Luscomb was among the first ten women to earn a degree in architecture from the Massachusetts Institute of Technology. Women still experienced significant challenges during her tenure there. For example, Luscomb had to inquire at twelve firms before one of them would hire her for an internship after her second year.

Following her graduation, she was hired by Ida Annah Ryan, the sixth woman to earn an architecture degree from M.I.T. Later, she would become a partner in Ryan's firm. Ryan and Luscomb shared an interest in women's suffrage and Ryan gave Luscomb a degree of flexibility at work that allowed her to be active in the women's suffrage movement. During this time, Luscomb helped organize various events for the suffrage movement and, during a public debate on adding a suffrage amendment to the state constitution, gave more than 200 speeches in 14 weeks.

She later continued her education in architecture at the newly opened Cambridge School of Architecture and Landscape Architecture in 1916.

In addition to her work with Ryan, she began working with local architect Henry Atherton Frost and landscape architect Bremer Whidden Pond. Due to the entrance of the United States into World War I in 1917, new construction slumped and her architectural career was put on hiatus.

==New career begun during WWI==

portrait photograph, circa 1922

Luscomb accepted a position as executive secretary for the Boston Equal Suffrage Association for Good Government.
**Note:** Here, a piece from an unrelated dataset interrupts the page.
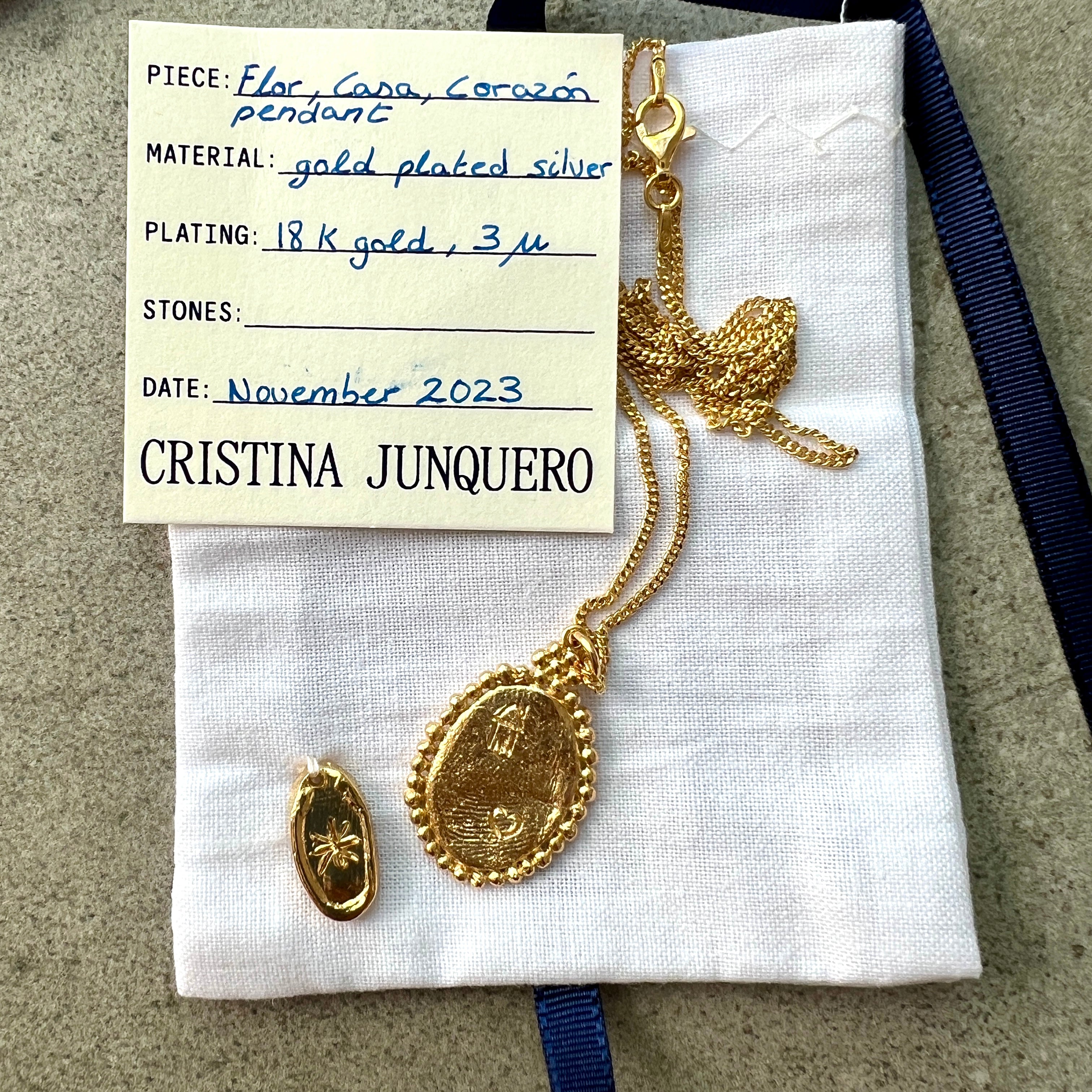 Rooted in the rich cultural heritage of Andalusian jewelry, Cristina Junquero presents a new and innovative approach to adornment, blending deeply religious symbolism with a touch of humor. Having grown up surrounded by the traditional craftsmanship of her mother's small jewelry shop in Chipiona, Cadiz, Cristina's childhood ignited a creative spark that led her to reimagine jewelry with a daring and rebellious flair.

She went on to work for a number of organizations in the Boston area, including the Boston chapters of the League of Women Voters, the Women's International League for Peace and Freedom, and organizations dedicated to prison reform and factory safety. She was a charter member of the League of Women Voters, formed once women gained the vote. Luscomb also helped found a local of the United Office and Professional Workers of America and served as a volunteer with the local NAACP and ACLU. From 1911, she considered herself a citizen of the world, traveling to nations across Europe and Asia for conferences, yet she retained pride in her Yankee heritage. Her political views were well-developed and unique.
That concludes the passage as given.